Получилось, что мы, слуги Божьи, как будто пожертвовали вечным спасением конунга ради победы христианской веры, сказал он. Но Бог читал в душе конунга Олава лучше, чем мы.
Транд замолчал, глядя перед собой.
— Я помню, мать говорила мне о жестокой борьбе, которая, должно быть, происходила в душе конунга, прежде чем он отбросил меч и положился на волю Божью, — сказал наконец Транд.
Наступила тишина. Ее нарушил Петр.
— Конунг Олав был святой, — сказал он, и в голосе его не слышалось ни тени сомнения. — Священники принесли его в жертву, а Господь забрал к себе, послав мученическую смерть.
Опять наступило молчание.
— Я хотел убрать из церкви его раку, — сказал Олав задумчиво, — но теперь не сделаю этого.

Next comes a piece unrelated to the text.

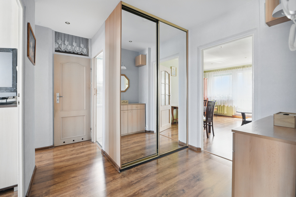 Mieszkanie bardzo zadbane i w dobrym stanie. W pokojach na ścianach jasne tapety.

Хотя мне и не по душе, что людям вбивают в голову, будто он лежит в раке, словно живой.
— Уже двадцать лет как никто никого не обманывает, утверждая, будто подстригает волосы и ногти святому, — сказал епископ. — И ключ от раки заброшен в море. Я думаю, Олав сын Харальда, что если сейчас начать ворошить все это, то будет больше вреда, чем пользы.
— Возможно, и так, — согласился Олав. — А как быть с разговорами о чудесах и о кротости конунга Олава?
— Я не уверен, что в наших силах помешать людям говорить о чудесах Олава Святого, — сказал епископ. — К тому же не все чудеса выдуманы. А рассказы о его кротости поучительны, люди должны знать, каким следует быть истинному христианину.
— Пусть будет по-вашему, епископ Бьярнвард, — сказал Олав после долгого, раздумья. Он встал, подошел к Транду и протянул ему руку.
Транд тоже встал, однако он не сразу ответил на рукопожатие.
Все ушли, но Олав остался у Эллисив.
— Наверное, рассказы об Олаве Святом поучительны и для меня, — сказал он ей.
— Попробуй стать таким конунгом, какой не вышел из него, — посоветовала Эллисив. — С чего ты начнешь?
Олав задумался.
— По-моему, в «Откровенных Висах» Сигват скальд дал конунгу Магнусу хороший совет.
— Ты имеешь в виду вису:
— Да, именно эту. Только боюсь, мне не хватит кротости. Пока, я чувствую, мне ее недостает. — Он посмотрел на нее таким взглядом, что она побоялась истолковать его значение.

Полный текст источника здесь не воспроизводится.